La Luna il Mare il Cielo che si fa scuro per la Notte. Il fischio del vento che con la volontà sovrasta quello di ogni altro rumore. Taglio il panorama a pezzetti. Un po’ Borneo un po’ porto banchina e chiatte pesanti di carbone. Vecchie barche di legno rientrano a casa dalla pesca di un pesce ammalato di inquinamento.

Ora la Luna si è davvero accesa.

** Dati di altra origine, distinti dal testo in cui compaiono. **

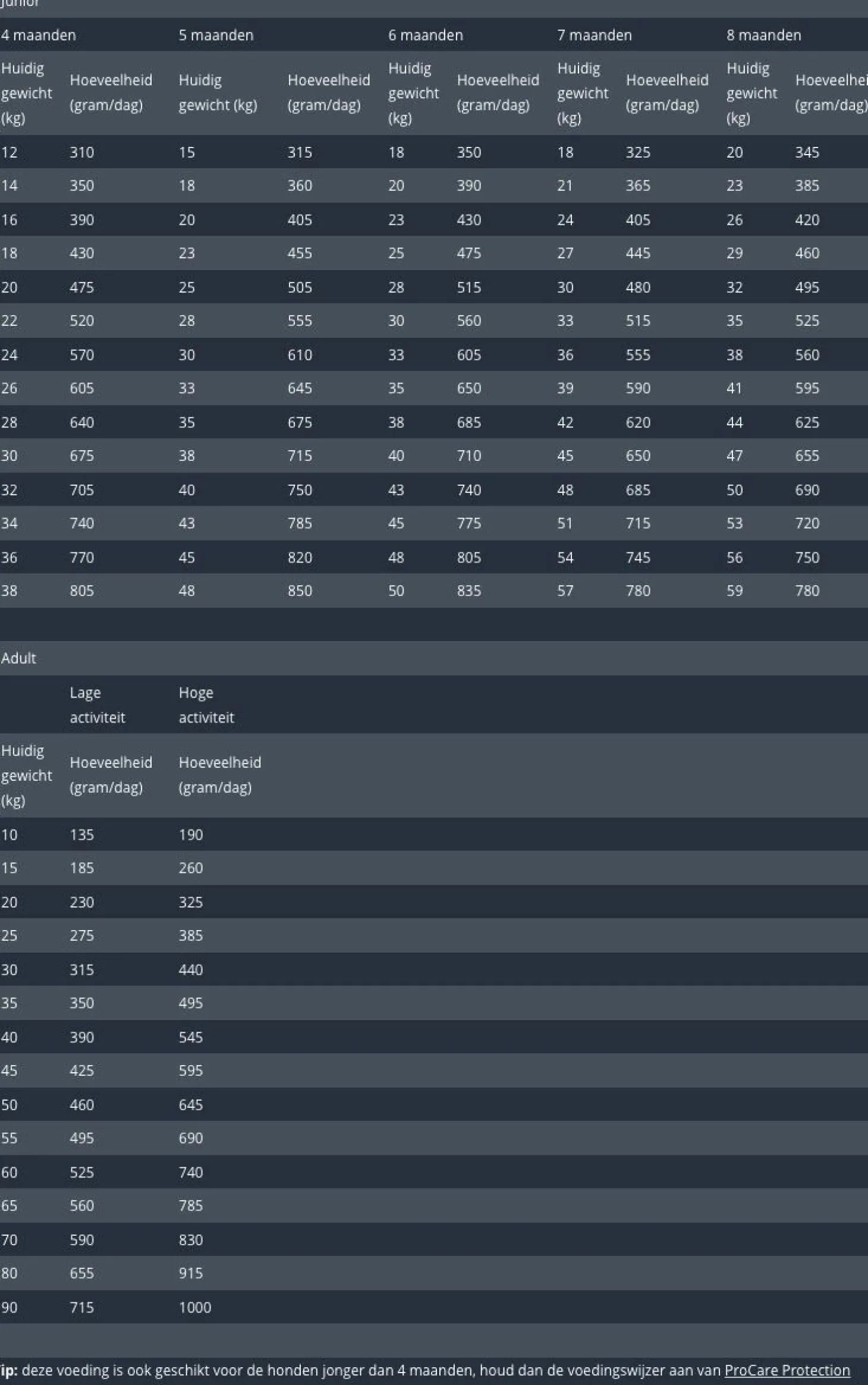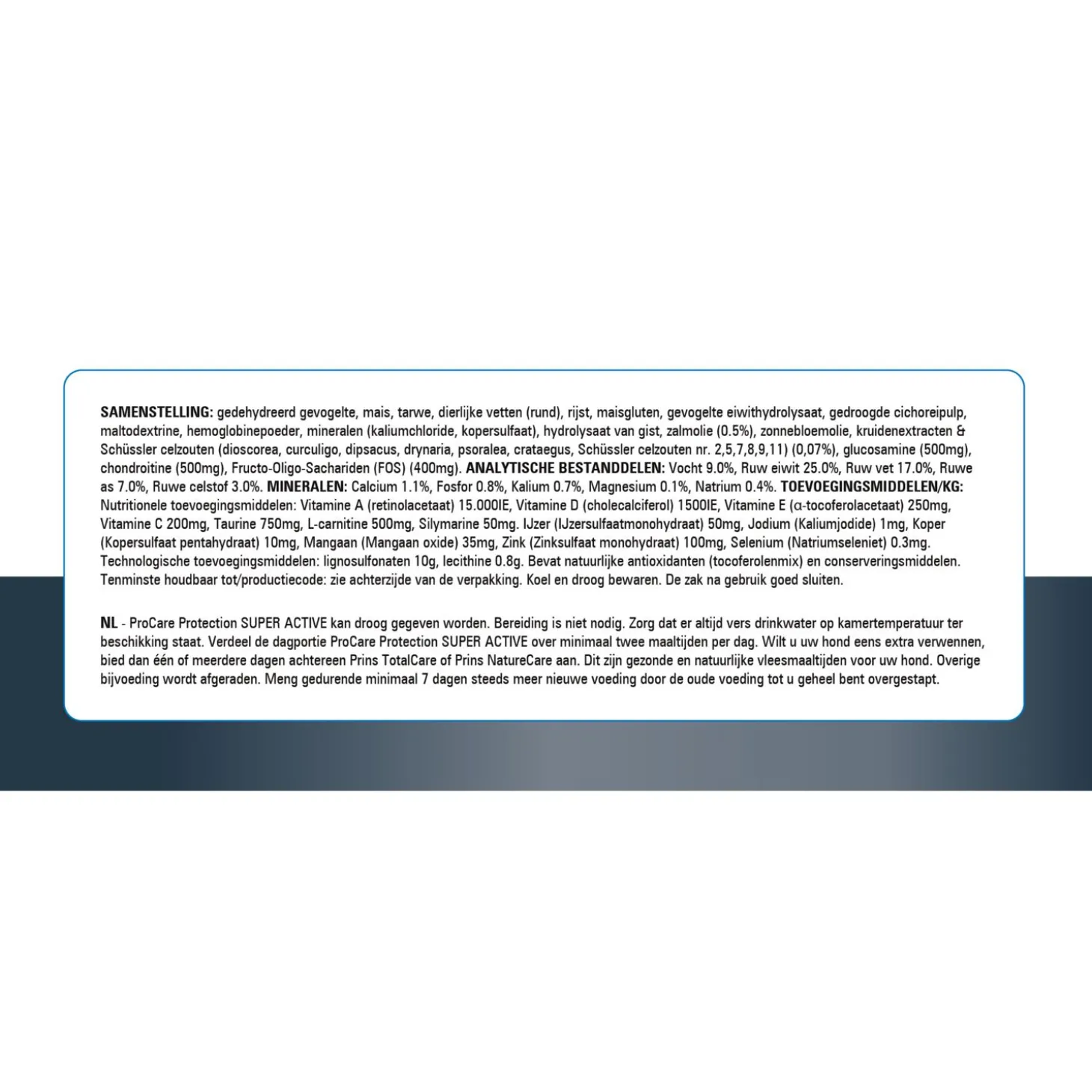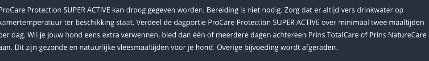 | Aanbeveling | ProCare Protection Super Active kan droog gegeven worden. Bereiding is niet nodig. Zorg dat er altijd vers drinkwater op kamertemperatuur ter beschikking staat. Verdeel de dagportie over minimaal twee maaltijden per dag. Meng gedurende minimaal 7 dagen steeds meer nieuwe voeding door de oude voeding tot u geheel bent overgestapt. Koel en droog bewaren. De zak na gebruik goed sluiten. |

Un disco giallo sospeso nel cielo. E poi ti domandi che cosa pensano gli astronauti quando guardano queste sfere sospese nel nulla. Sarà forse come il bimbo deliziato dal suo palloncino nuovo che tiene per il filo.

Un’altra notte

Continua a tornare. Il buio cala ed io lo attendo. I pensieri vorticosi si liberano dal controllo. In bilico tra questo e l’altro mondo, come un gatto nero, cammino. Lo so che è solo illusione. Il mio corpo resta come al solito ben saldo ancorato alla sua gravità. Ma io vago oltre il confine della notte. Entro in quel regno pericoloso ove tutto è possibile. È certamente più bello fingersi acrobati che sentirsi dei nani. Eppure l’inghippo è semplice. Chiunque può svelarlo. Ma i più dormono ignari nei propri letti. Altri rincorrono sogni psichedelici fatti di chimica. Io son qui. Taccio. Ogni notte uguale. Ogni notte me stesso. Ogni notte la stessa notte. Sorella.
Dormite voi, no, non vi invidio. Passo la mano. Dormirò un’altra volta.
Buonanotte.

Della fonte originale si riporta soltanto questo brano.